A Grottaglie le opere nel campo della ceramica artistica richieste dai grandi chef. Il segreto: mettere sempre in relazione l’oggetto e il paesaggio circostante


Piatti dalle linee contemporanee? Non vi stupite se dietro c’è il nome di un architetto, e per più di un motivo. Spesso la maggior parte di loro sono dei creativi a tutto tondo, capaci di dare forma non solo a una casa, a un museo o una cantina vinicola, ma anche a una teoria di oggetti dalle funzioni più svariate – dalle borse agli orecchini, dalle spille ai vestiti – creando dei veri e propri brand di successo. Molti di loro, poi, sono appassionati di cucina – non è un caso che anche questa sia frutto di una progettualità creativa – e lasciano la professione, a volte neanche la iniziano, per dedicarsi al mondo dei fornelli con l’obiettivo di aprire bistrot e ristoranti, ma anche attività commerciali nelle quali mettono in vendita il frutto della propria creatività. Accade più frequentemente di quanto si possa pensare. 

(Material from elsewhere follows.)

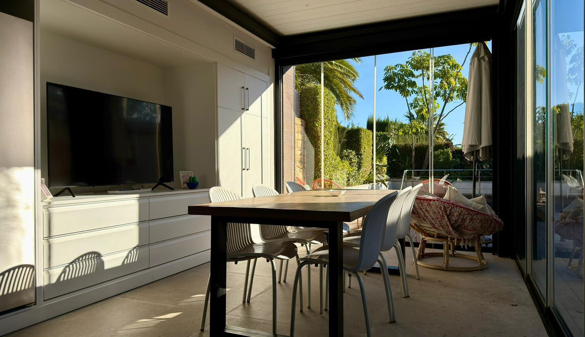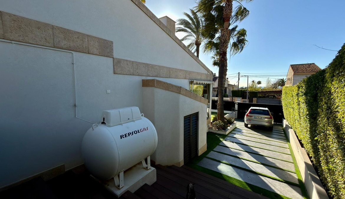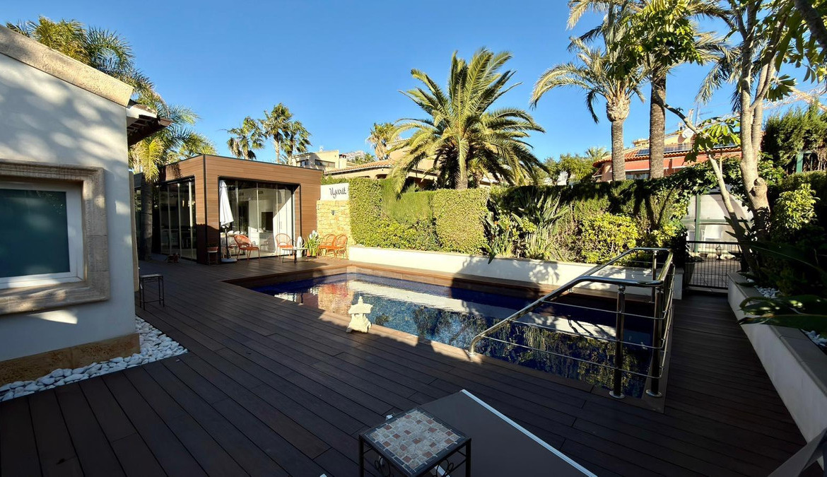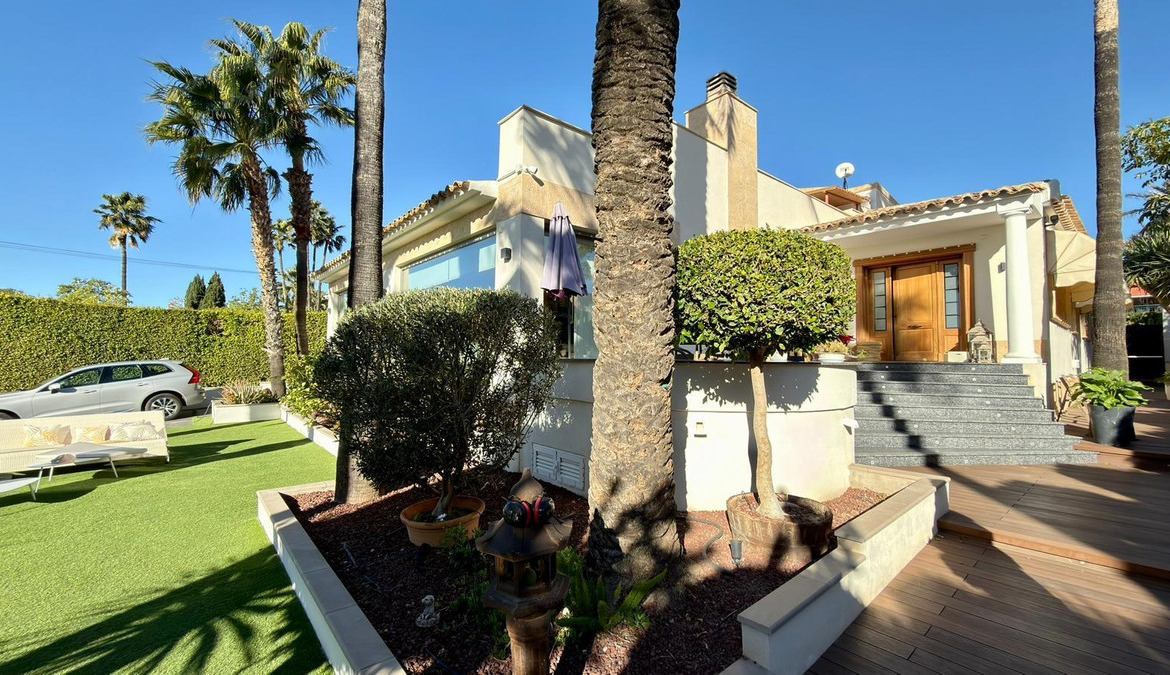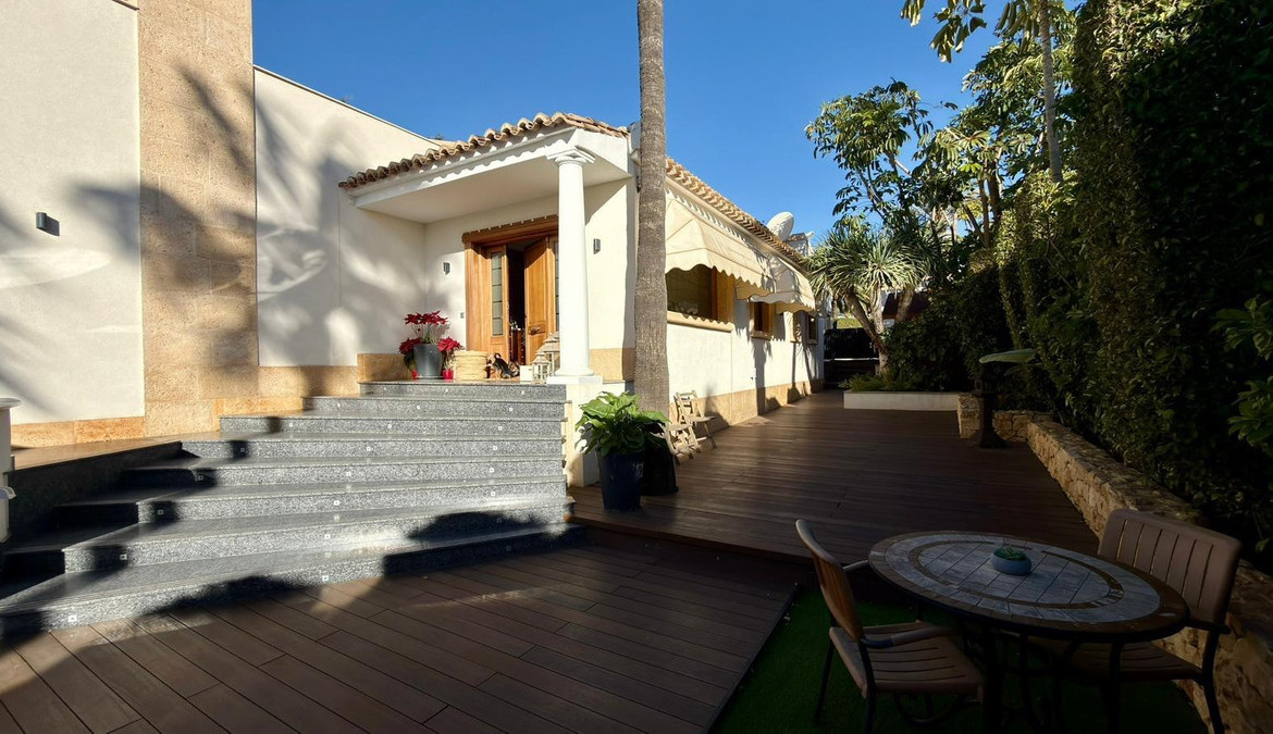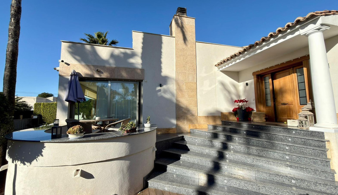 We present to you an exclusive luxury villa located in a prestigious residential area between Benidorm and La Nucía. The property is situated on a spacious plot of 984 m² and has a built area of 258 m², distributed over two floors that perfectly combine elegance, comfort, and functionality.Upon entering the house, a cozy hallway leads to a spacious and bright living room, an elegant dining room, and a charming glazed terrace with marble floors, from where you can enjoy beautiful views of the well-tended garden surrounding the house.The home has been completely renovated using high-quality natural materials, including premium wooden floors. The resting area has two comfortable bedrooms that share a complete bathroom, in addition to a large master suite with a spacious dressing room and a bright en-suite bathroom with natural light, equipped with a bathtub, independent shower, and double sink.Additionally, the home features an independent bedroom with a private bathroom, ideal for guests or family members, offering maximum comfort and independence. This space is conveniently connected to the fully equipped kitchen and the laundry area.The kitchen has direct access to a side terrace, perfect for outdoor dining. From there, you can access an impressive glazed barbecue area with a courtesy bathroom and direct access, through an elegant wooden deck, to the pool and solarium.On the plot, there is also a space designated for the storage of sports and nautical equipment. The upper floor has a spacious multifunctional room that can be used as an office, game room, or leisure area, in addition to two cozy guest bedrooms that share a complete bathroom.The garden, carefully designed, combines different shades of green with majestic palm trees and abundant vegetation, creating an intimate, relaxing, and very exclusive atmosphere.The urbanization offers 24-hour private security, a communal pool, tennis courts, and a social club.A unique opportunity to acquire a truly exclusive property in one of the most sought-after areas of the Costa Blanca. Contact us to arrange a private visit.

Quella di Vincenzo Del Monaco e delle sue stoviglie d’autore è una storia che racconta bene questa versatilità che certamente non è un’esclusiva degli architetti, ma che molto spesso li riguarda. Dopo essersi laureato in architettura nel 2006 presso La Sapienza di Roma, Del Monaco lavora per importanti realtà dello scenario progettuale nazionale e internazionale, per esempio per gli studi Fuksas di Roma e Coop Himmelb(l)au di Vienna. Appena tre anni dopo, tuttavia, decide di tornare al suo paese di origine, Grottaglie, con l’idea di sperimentare e di sviluppare un repertorio di opere nel campo della ceramica artistica basato sulla tradizione dell’artigianato e sui suoi possibili sviluppi futuri nel terzo millennio. Fin da piccolo, in effetti, aveva familiarizzato con l’arte della ceramica e con la scultura nella bottega di famiglia. Quell’atmosfera e quei ricordi gli erano rimasti nel cuore e a un certo punto, dopo tanti anni, non ha potuto fare a meno di ritornare in quel mondo portando con sé la cultura e la manualità che aveva nel frattempo maturato attraverso i suoi studi e le sue esperienze. 

Un piatto è come uno spazio urbano. Si parte da un tema narrativo per poi filtrarlo attraverso delle linee.

Vincenzo Del Monaco

«In questo mi aiuta la mia formazione di progettista – racconta Del Monaco –. Così, quando mi viene chiesto di realizzare un piatto, apro il cassetto della mia mente, dove custodisco i segni artistici o naturali che hanno colpito la mia immaginazione, e inizio a sviluppare delle superfici, come fossero dei processi architettonici. L’esperienza fatta con Fuksas mi aiuta anche quando devo pensare agli aspetti tecnici del tableware, come l’impilabilità, il passaggio in lavastoviglie, le dimensioni da avere in relazione alla tavola, la dimensione ultima da soddisfare. È lì che il concetto astratto viene a incontrare la materialità della location».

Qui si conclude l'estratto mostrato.